Over the last several years, machine learning has become an integral part of many organizations’ decision-making at various levels. With not enough data scientists to fill the increasing demand for data-driven business processes, H2O.ai has developed a product called Driverless AI that automates several time consuming aspects of a typical data science workflow: data visualization, feature engineering, predictive modeling, and model explanation. In this post, I will describe Driverless AI, how you can properly frame your business problem to get the most out of this automatic machine learning product, and how automatic machine learning is used to create business value.

What is Driverless AI and what kind of business problems does it solve?

H2O Driverless AI is a high-performance, GPU-enabled computing platform for automatic development and rapid deployment of state-of-the-art predictive analytics models. It reads tabular data from plain text sources, Hadoop, or S3 buckets and automates data visualization and building predictive models. Driverless AI is currently targeting business applications like loss-given-default, probability of default, customer churn, campaign response, fraud detection, anti-money-laundering, demand forecasting, and predictive asset maintenance models. (Or in machine learning parlance: common regression, binomial classification, and multinomial classification problems.)

How do you frame business problems in a data set for Driverless AI?

The data that is read into Driverless AI must contain one entity per row, like a customer, patient, piece of equipment, or financial transaction. That row must also contain information about what you will be trying to predict using similar data in the future, like whether that customer in the row of data used a promotion, whether that patient was readmitted to the hospital within thirty days of being released, whether that piece of equipment required maintenance, or whether that financial transaction was fraudulent. (In data science speak, Driverless AI requires “labeled” data.) Driverless AI runs through your data many, many times looking for interactions, insights, and business drivers of the phenomenon described by the provided data set. Driverless AI can handle simple data quality problems, but it currently requires all data for a single predictive model to be in the same data set and that data set must have already undergone standard ETL, cleaning, and normalization routines before being loaded into Driverless AI.

How do you use Driverless AI results to create commercial value?

Commercial value is generated by Driverless AI in a few ways.

● Driverless AI empowers data scientists or data analysts to work on projects faster and more efficiently by using automation and state-of-the-art computing power to accomplish tasks in just minutes or hours that can take humans months.

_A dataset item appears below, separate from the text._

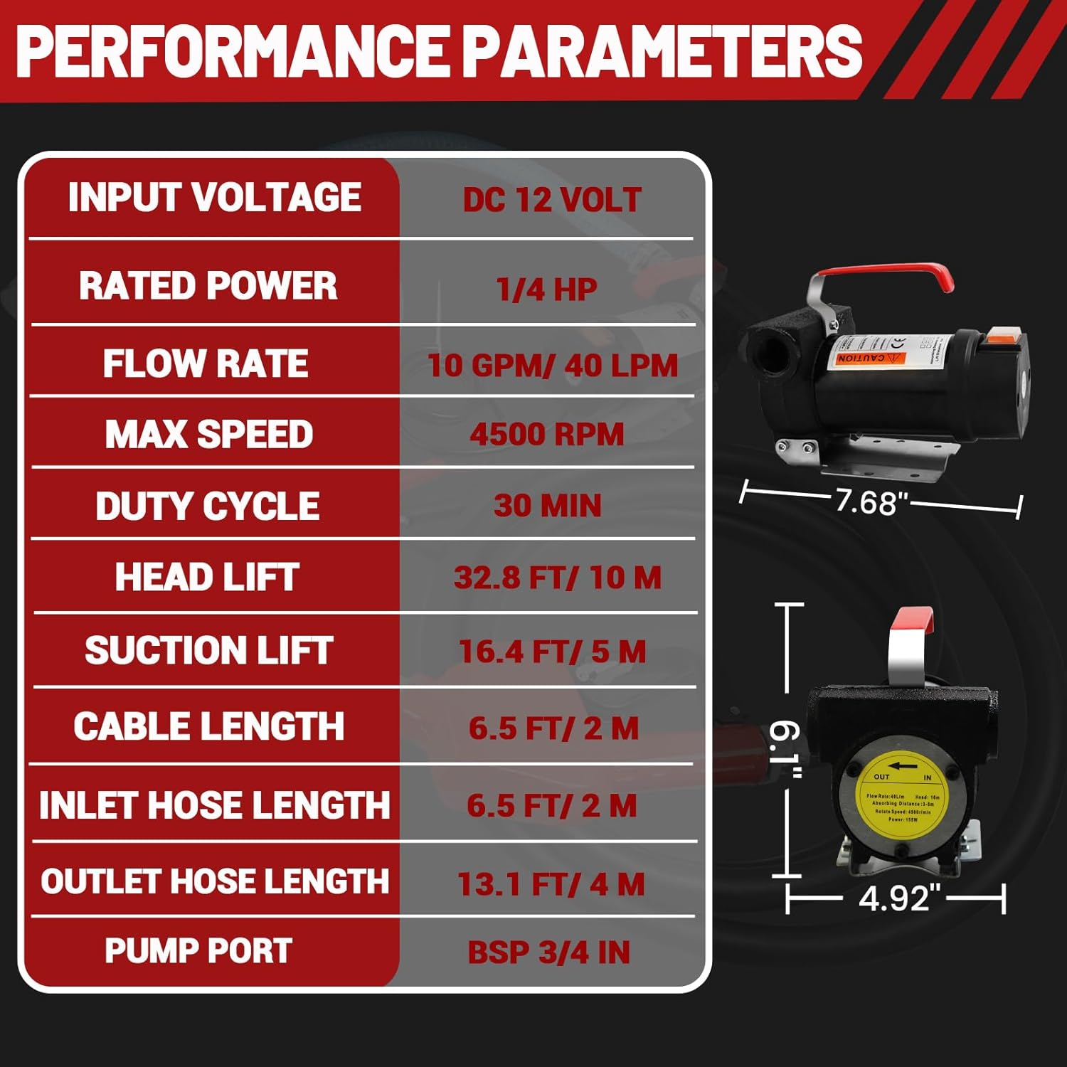 A Bomba de Transferência de Diesel 12V FUELIO vem equipada com um motor de cobre potente e um impulsor de aço fundido, capaz de operar a uma velocidade máxima de 3500 RPM. Com uma taxa de fluxo de 10 GPM (galões por minuto), esta bomba é projetada para oferecer um desempenho excepcional, com uma capacidade de sucção máxima de 13 pés e uma altura máxima de até 26 pés.

● Like in many other industries, automation leads to standardization of business processes, enforces best practices, and eventually drives down the cost of delivering the final product – in this case a predictive model.

● Driverless AI makes deploying predictive models easy – typically a difficult step in the data science process. In large organizations, value from predictive modeling is typically realized when a predictive model is moved from a data analysts’ or data scientists’ development environment into a production deployment setting where the model is running on live data, making decisions quickly and automatically that make or save money. Driverless AI provides both Java- and Python-based technologies to make production deployment simpler.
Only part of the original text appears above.